Studio album by Stéphane Grappelli, Yo-Yo Ma
- Released: 1989
- Studios: Davout, Paris, France
- Genres: Jazz, pop standards
- Length: 55:23
- Label: Columbia
- Producer: Ettore Stratta

= Anything Goes: Stephane Grappelli & Yo-Yo Ma Play (Mostly) Cole Porter =

Anything Goes: Stephane Grappelli & Yo-Yo Ma Play (Mostly) Cole Porter is an album by Stéphane Grappelli and Yo-Yo Ma, released in 1989. It was produced by Ettore Stratta.
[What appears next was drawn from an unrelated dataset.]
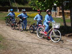 ◦11日は、中学年・高学年の交通安全教室でした。前庭の模擬道路・学校周辺道路での実地訓練を行いました。自転車の正しい乗り方や交通道徳について学ぶことができました。

The songs were arranged by Roger Kellaway.

==Critical reception==

The Buffalo News wrote: "Yo-Yo Ma is a bit of a stiff in this context ... but with tone like that and such willingness, who could begrudge him the pleasure of reveling in the suavities of jazz' greatest violinist?"

Professional ratings
Review scores
| Source | Rating |
| AllMusic | Star |

== Track listing ==
All songs written by Cole Porter unless otherwise noted.
1. "Anything Goes" – 5:51
2. "You'd Be So Easy to Love " – 8:23
3. "I Concentrate on You" – 3:49
4. "Just One of Those Things" – 2:28
5. "In the Still of the Night" – 4:43
6. "Love of My Life" (Roger Kellaway) – 3:47
7. "Pas-de-Two" (Ettore Stratta) – 4:32
8. "Sweet Lorraine" (Cliff Burwell) – 7:33
9. "So in Love" – 7:27
10. "All Through the Night" – 6:19

== Personnel ==
- Stéphane Grappelli – violin
- Yo-Yo Ma – cello
- Jon Burr – double bass
- Marc Fosset – guitar
- Daniel Humair – drums
- Roger Kellaway – piano

Production
- Ettore Stratta – producer
- Claude Ermelin – engineer
- Philippe Bouasse – assistant engineer
- Roger Kellaway – arrangements and music direction
- John Frost – photography
- Ettore Stratta – liner notes

Recorded at Davout Studios, Paris, France.